━━ THE INPUT ━━

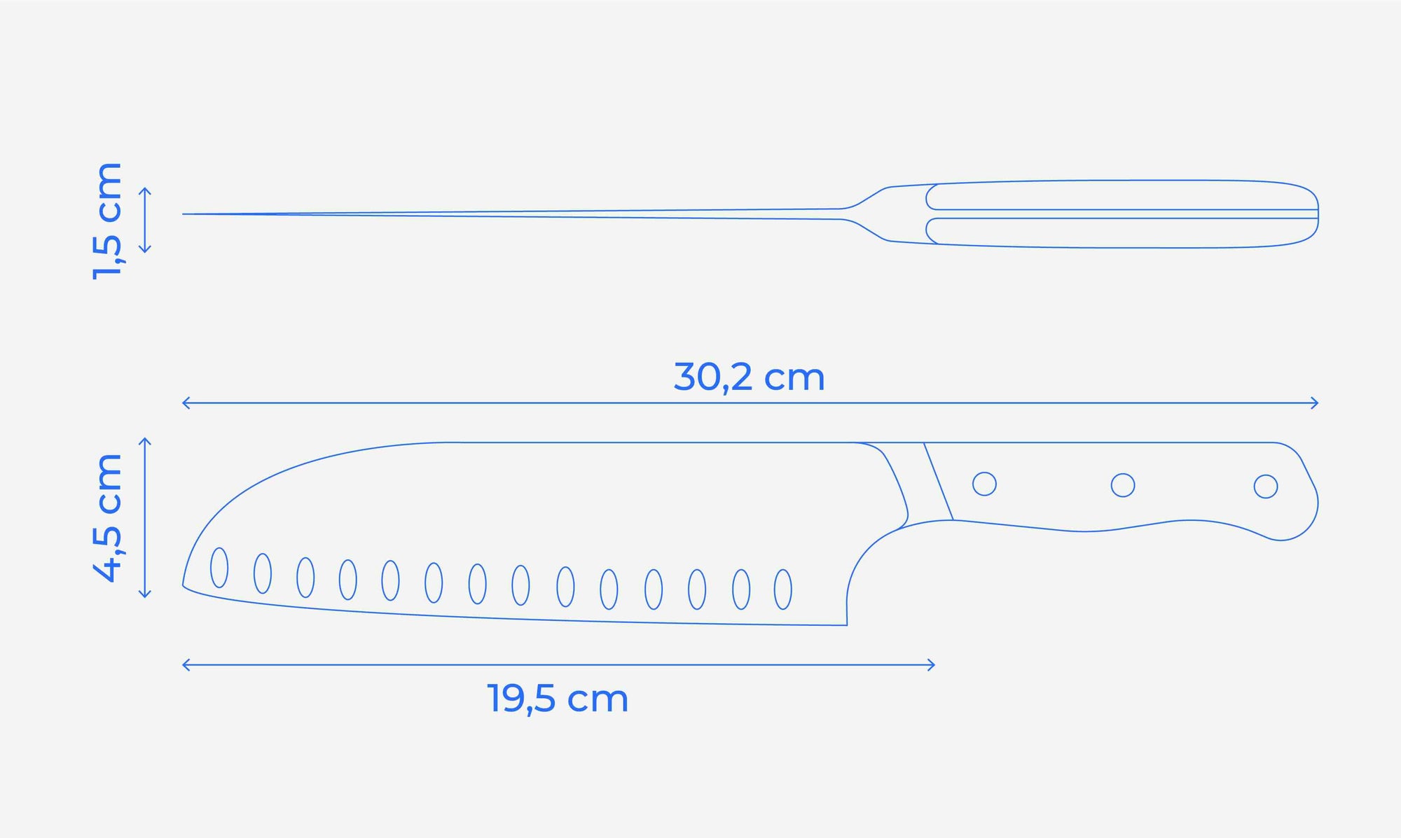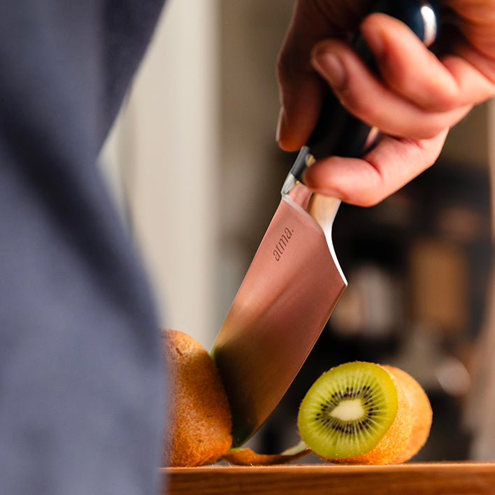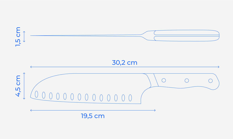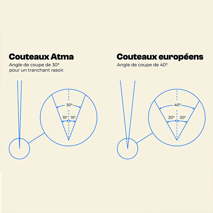 Wir haben uns für eine 58HRC-Stahlklinge entschieden – der perfekte Kompromiss aus Robustheit und Langlebigkeit. Der 30°-Winkel sorgt für sauberes und präzises Schneiden. Sie können Schnittlauch hacken, Ihr Sonntagshähnchen, ein Dorade-Carpaccio oder sogar einen Butternusskürbis tranchieren. Sie schonen Ihre Produkte und sparen viel Zeit.
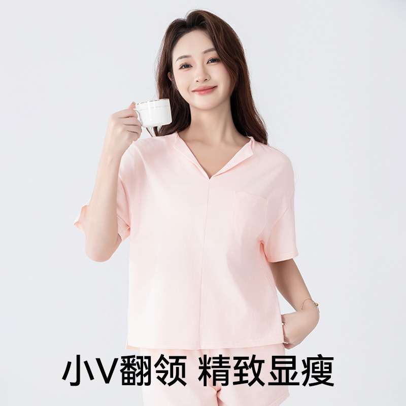 夏季薄款睡衣家居服女款短袖短裤套装纯棉抗菌凉感可外穿t恤上衣
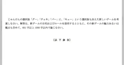 「じゃんけんの選択肢に、『キュー』という選択肢も加えた新しいゲームを考案しなさい。」2018年に早稲田大学の入試で出題された問題がとても面白そう
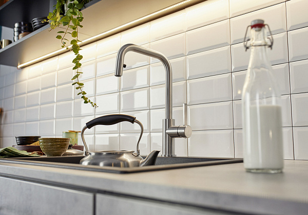 Возможность установки близко к стене благодаря рычагу управления с вертикальным нулевым положением
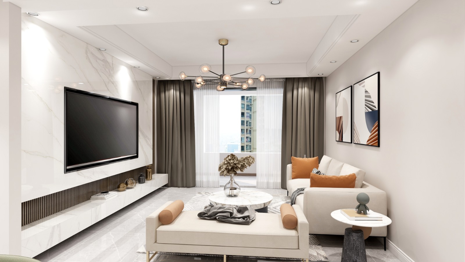 改造后的平面布置图,原始户型进户没有独立的鞋帽柜空间,厨房空间狭小,餐厅和门厅划分不明确,通过设计将餐厅部分独立出来,进户增加鞋帽柜满足收纳要求,厨房电器柜放到餐厅侧面,解放原厨房空间。装饰材质上选择仿石材,木格栅配搭乳胶漆效果,让整个空间温馨,简洁。
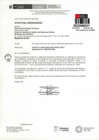 La entidad remite al Ministerio del Ambiente información sobre las denuncias ambientales en cumplimiento de lo establecido en el Decreto Legislativo N° 1055 que modifica el artículo 43° de la Ley N° 28611, que indica que "Las entidades deberán enviar anualmente un listado con las denuncias recibidas y soluciones alcanzadas, con la finalidad de hacer pública esta información a la población a través del SINIA".
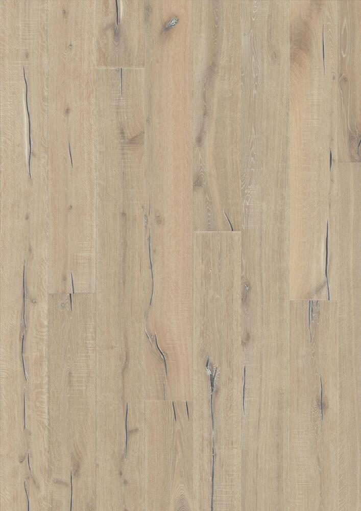 Aspeland, ett golv med slitage i ljusa färger. Aspeland är ett mycket rustikt golv med kvistar och sprickor som ger det ett åldrat, renoverat utseende. Naturliga variationer i träets färg kan förekomma, från ljusbrun till mörkbrun.
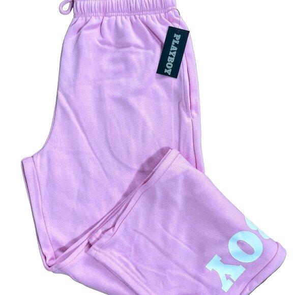 Official licensed Playboy wide leg sweatpants, new with tags, designed for both comfort and style. Made from a soft fleece-like interior blend of polyester and cotton, these sweatpants feature an elastic drawstring waist, roomy pockets, and relaxed wide leg bottoms.
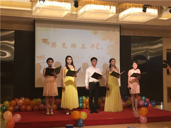 、老师、同学的难舍情谊;诗朗诵作品《再见,那五年》的精彩演绎,带领毕业生们重温了校园生活的点点滴滴;2014级王红、赵汗青,2015级杜雨师、李清心等同学,通过风格迥异的流行歌曲,唱出了毕业生们对青春岁月的美好眷恋和对未来生活的深情向往;研究生马荣爽、郑彤等同学表演的舞蹈《成人礼》,以性感、活泼的舞步彰显出包你发
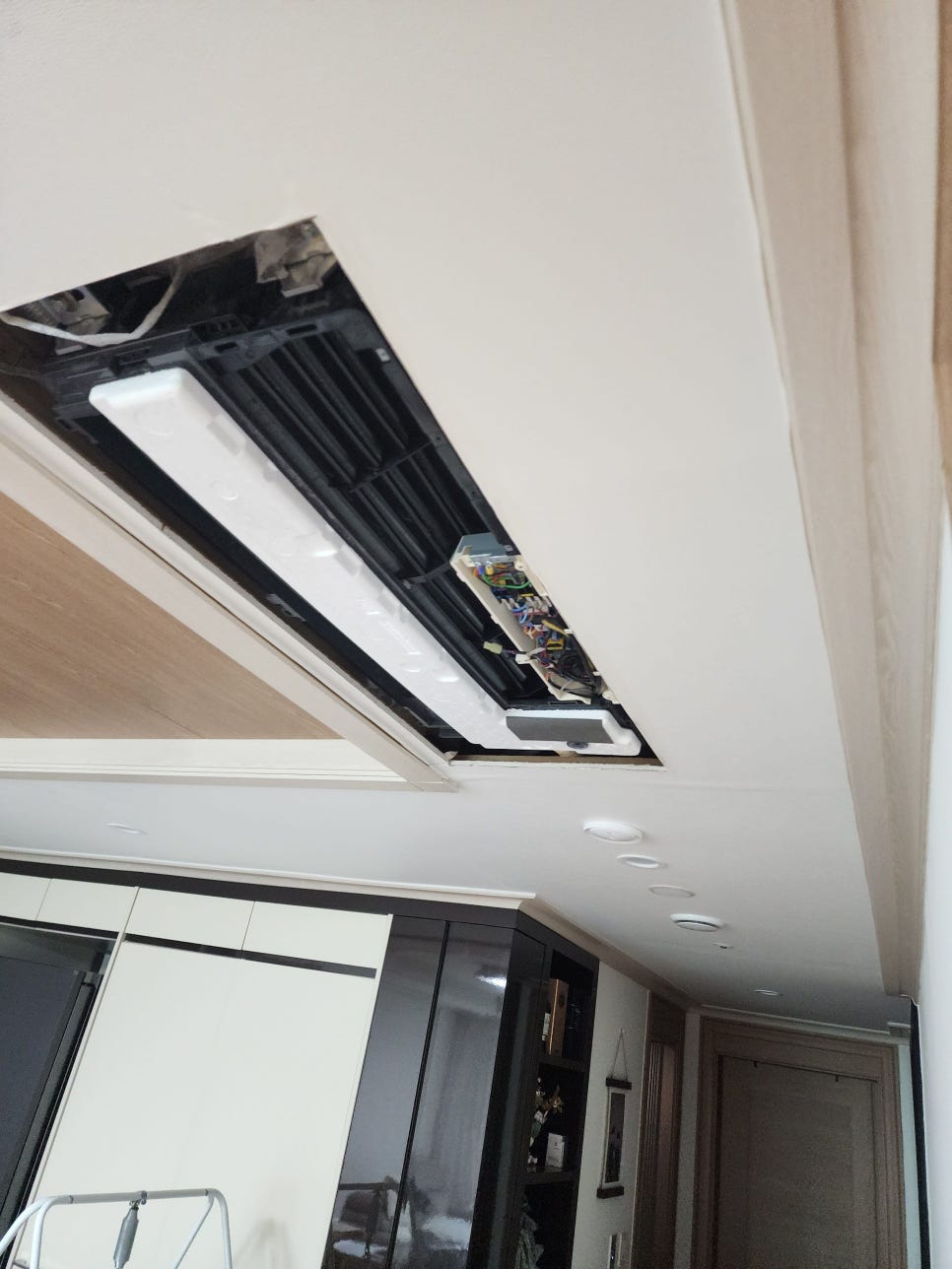 즉각적인 전원 차단 (가장 중요): 리모컨으로 에어컨을 끄는 것에 그치지 말고, 신발장이나 현관에 있는 '실외기 전용 차단기(두꺼비집)'를 완전히 내려주세요. 천장 속에 고인 물이 에어컨 기판이나 전선에 닿으면 합선으로 인한 대형 화재나 메인보드 소손(타버림)으로 이어질 수 있습니다.
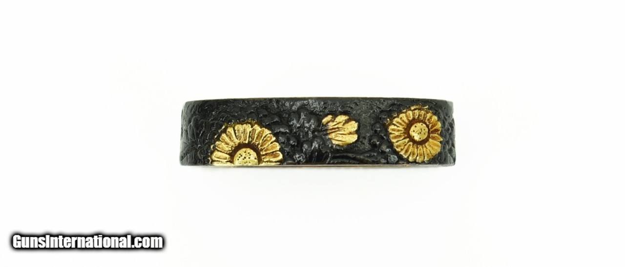 Description: "Kinko Fuchi Kashira. Shakudo ishime ground. Gold and shakudo flowers. Unsigned. SOLD |
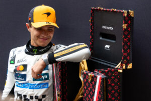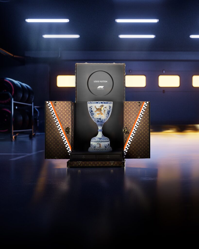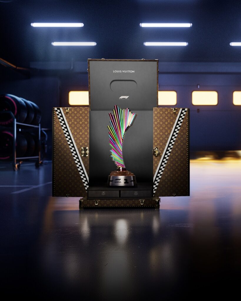 自 2025 年起,Louis Vuitton 與 F1 一級方程式賽車簽訂了長達十年的合作協議,為各站比賽總共訂製了 24 款專屬獎盃旅行箱。每款旅行箱完美融合傳統與創新,在經典的 LV Monogram 帆布上,融入不同色彩、象徵「Victory」的「V」字樣,以及呼應賽道終點線的黑白方格圖案,同時融入賽事舉辦城市的象徵性色彩與獨特個性,以此致敬賽道內外對卓越的追求,以及頂尖賽車運動所帶來的刺激、尊榮與至高無上的終極勝利。
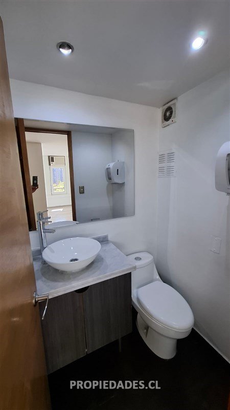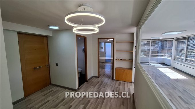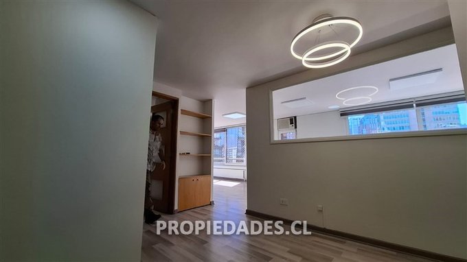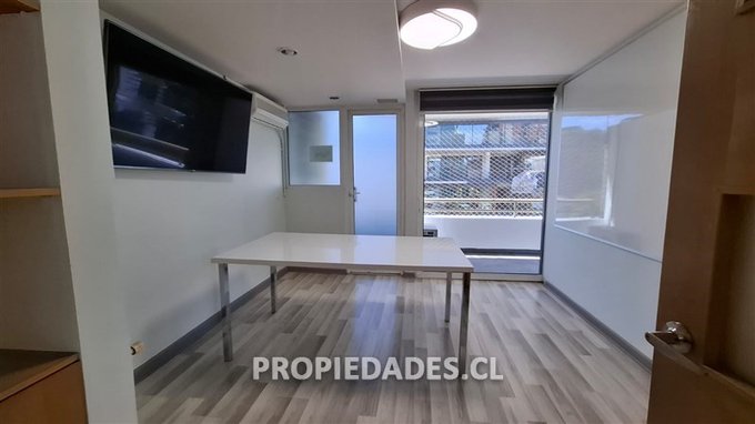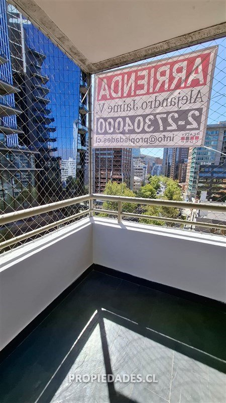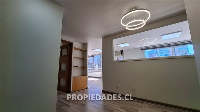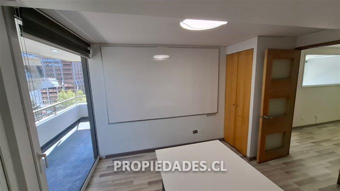 Alejandro Jaime V. & Asociados arrienda oficina remodelada, muy luminosa y con excelentes vistas al barrio El Golf. Propiedad de 70 mt2 más terraza, frente al MUT y que cuenta con hall de entrada o recepción, 2 baños, 1 privado o sala de reuniones, 1 planta abierta con espacio para varios puestos de trabajo y salida a agradable terraza. Espacio para kitchenette, 1 estacionamiento y 1 bodega, ventanas termopanel, 2 aires acondicionados y cortinas roller.
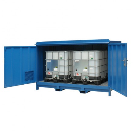 Skladišče za skladiščenje nevarnih snovi, dimenzije 2900 x 1400 x 2000 mm, kapaciteta 2 x IBC ali 8 x Sod 200lt.
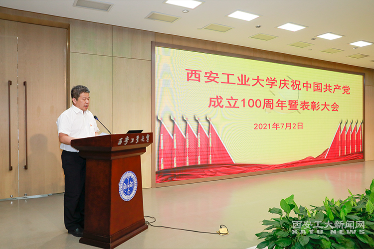 黨委書記劉衛國代表校黨委,向全校廣大黨員致以節日的誠摯問候,向關心支持學校黨建工作的廣大師生員工表示衷心感謝,向受表彰的集體和個人表示熱烈祝賀。隨后,劉衛國以《學百年黨史 傳西工精神——在黨史學習教育中推進高水平大學建設》為題講了專題黨課。他結合習近平總書記在慶祝中國共產黨成立一百周年大會上的講話精神,主要從中國共產黨艱難誕生、曲折前行 、銳意進取、聚力發展四個部分,回顧了黨的歷史、學校的歷史,重點闡述了“西工精神”的內涵,分享了學習感悟和親身體會。同時,他就深入學習習近平總書記在慶祝中國共產黨成立100周年大會上的講話精神,深入開展黨史學習教育,加強黨對學校工作的領導提出了具體要求。

━━━

In the data above, start at the line holding "夏季薄款睡衣家居服女款短袖短裤套装纯棉抗菌凉感可外穿t恤上衣" and stop after the line holding "改造后的平面布置图,原始户型"; write out those lines exactly, without pictures.

 夏季薄款睡衣家居服女款短袖短裤套装纯棉抗菌凉感可外穿t恤上衣
 「じゃんけんの選択肢に、『キュー』という選択肢も加えた新しいゲームを考案しなさい。」2018年に早稲田大学の入試で出題された問題がとても面白そう
 Возможность установки близко к стене благодаря рычагу управления с вертикальным нулевым положением
 改造后的平面布置图,原始户型进户没有独立的鞋帽柜空间,厨房空间狭小,餐厅和门厅划分不明确,通过设计将餐厅部分独立出来,进户增加鞋帽柜满足收纳要求,厨房电器柜放到餐厅侧面,解放原厨房空间。装饰材质上选择仿石材,木格栅配搭乳胶漆效果,让整个空间温馨,简洁。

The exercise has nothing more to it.